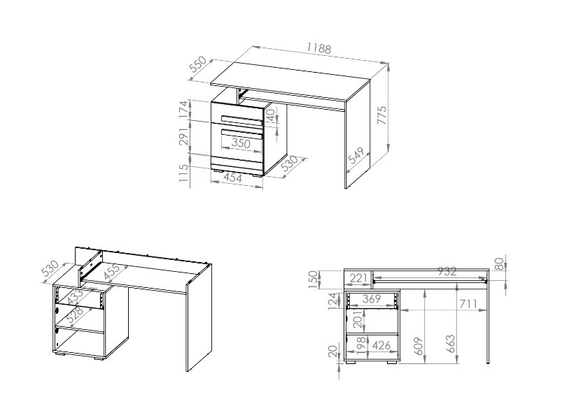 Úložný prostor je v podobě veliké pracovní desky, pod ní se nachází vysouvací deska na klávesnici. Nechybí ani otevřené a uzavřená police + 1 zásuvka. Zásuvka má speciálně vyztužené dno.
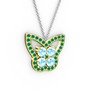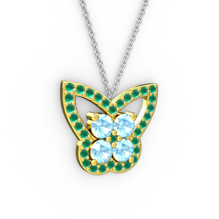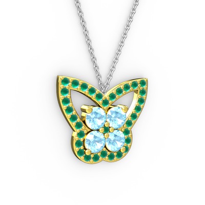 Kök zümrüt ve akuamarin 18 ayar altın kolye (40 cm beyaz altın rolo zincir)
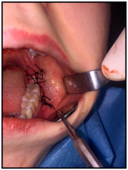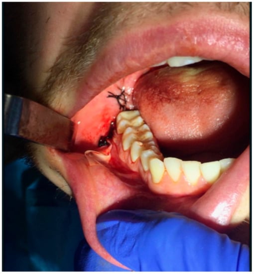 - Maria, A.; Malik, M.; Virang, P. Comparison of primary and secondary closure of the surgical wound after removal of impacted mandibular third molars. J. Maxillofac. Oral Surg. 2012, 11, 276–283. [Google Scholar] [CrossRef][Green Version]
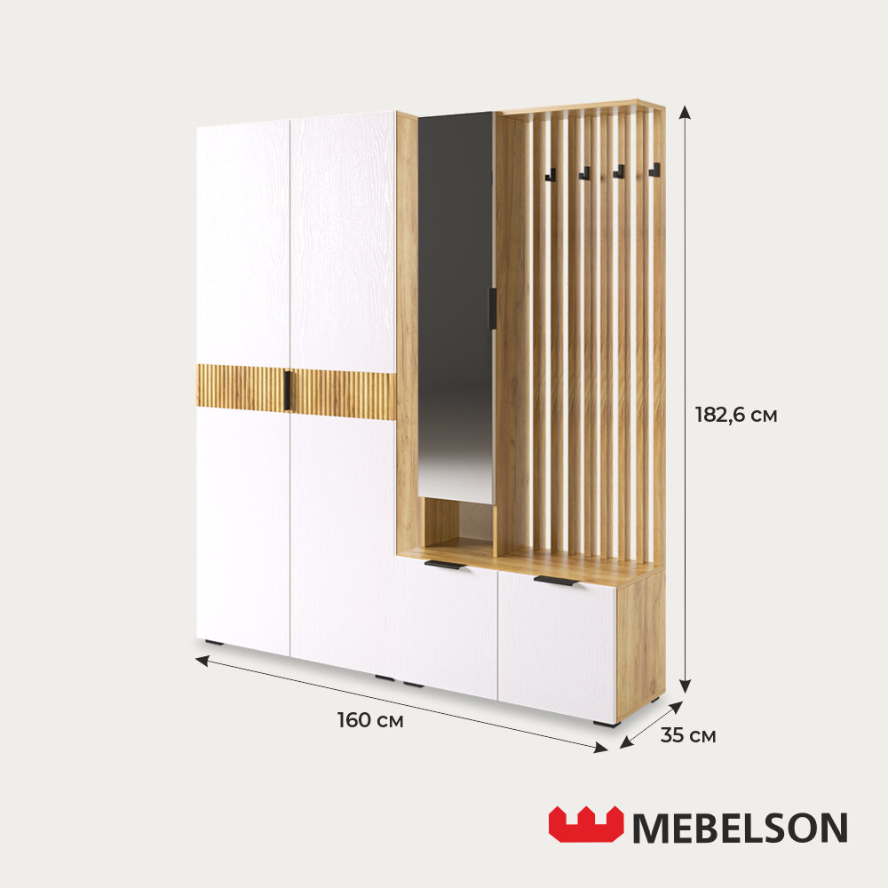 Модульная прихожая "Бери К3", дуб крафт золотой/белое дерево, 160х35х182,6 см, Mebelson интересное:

----------------------------------------

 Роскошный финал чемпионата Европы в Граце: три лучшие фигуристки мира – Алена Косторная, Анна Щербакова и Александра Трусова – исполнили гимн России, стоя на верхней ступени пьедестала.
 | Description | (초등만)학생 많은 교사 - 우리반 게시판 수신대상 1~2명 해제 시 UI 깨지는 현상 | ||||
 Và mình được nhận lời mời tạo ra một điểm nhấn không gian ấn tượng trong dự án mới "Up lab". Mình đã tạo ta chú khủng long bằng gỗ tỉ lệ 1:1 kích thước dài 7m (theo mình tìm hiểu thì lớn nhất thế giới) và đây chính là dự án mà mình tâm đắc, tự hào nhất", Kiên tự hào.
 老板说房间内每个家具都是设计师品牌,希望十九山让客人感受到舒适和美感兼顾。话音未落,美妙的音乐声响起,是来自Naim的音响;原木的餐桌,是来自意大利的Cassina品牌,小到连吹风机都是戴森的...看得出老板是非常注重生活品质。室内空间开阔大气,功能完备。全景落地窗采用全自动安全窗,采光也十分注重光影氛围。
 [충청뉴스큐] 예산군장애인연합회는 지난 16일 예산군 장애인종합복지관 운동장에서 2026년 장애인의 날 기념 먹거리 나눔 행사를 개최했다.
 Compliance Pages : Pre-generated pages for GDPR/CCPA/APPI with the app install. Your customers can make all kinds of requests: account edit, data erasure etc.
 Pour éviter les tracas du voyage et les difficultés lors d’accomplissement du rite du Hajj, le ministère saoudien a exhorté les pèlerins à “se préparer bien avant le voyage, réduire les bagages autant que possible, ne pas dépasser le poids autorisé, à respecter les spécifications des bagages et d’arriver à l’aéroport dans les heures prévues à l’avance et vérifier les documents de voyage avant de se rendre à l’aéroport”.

----------------------------------------

Starting at the line above that has "- Maria, A.;" and ending at the line that has "дуб крафт золотой/белое", copy each line exactly, leaving the pictures out and adding nothing.

_PROBLEM SOLUTION_:
 - Maria, A.; Malik, M.; Virang, P. Comparison of primary and secondary closure of the surgical wound after removal of impacted mandibular third molars. J. Maxillofac. Oral Surg. 2012, 11, 276–283. [Google Scholar] [CrossRef][Green Version]
 Модульная прихожая "Бери К3", дуб крафт золотой/белое дерево, 160х35х182,6 см, Mebelson интересное:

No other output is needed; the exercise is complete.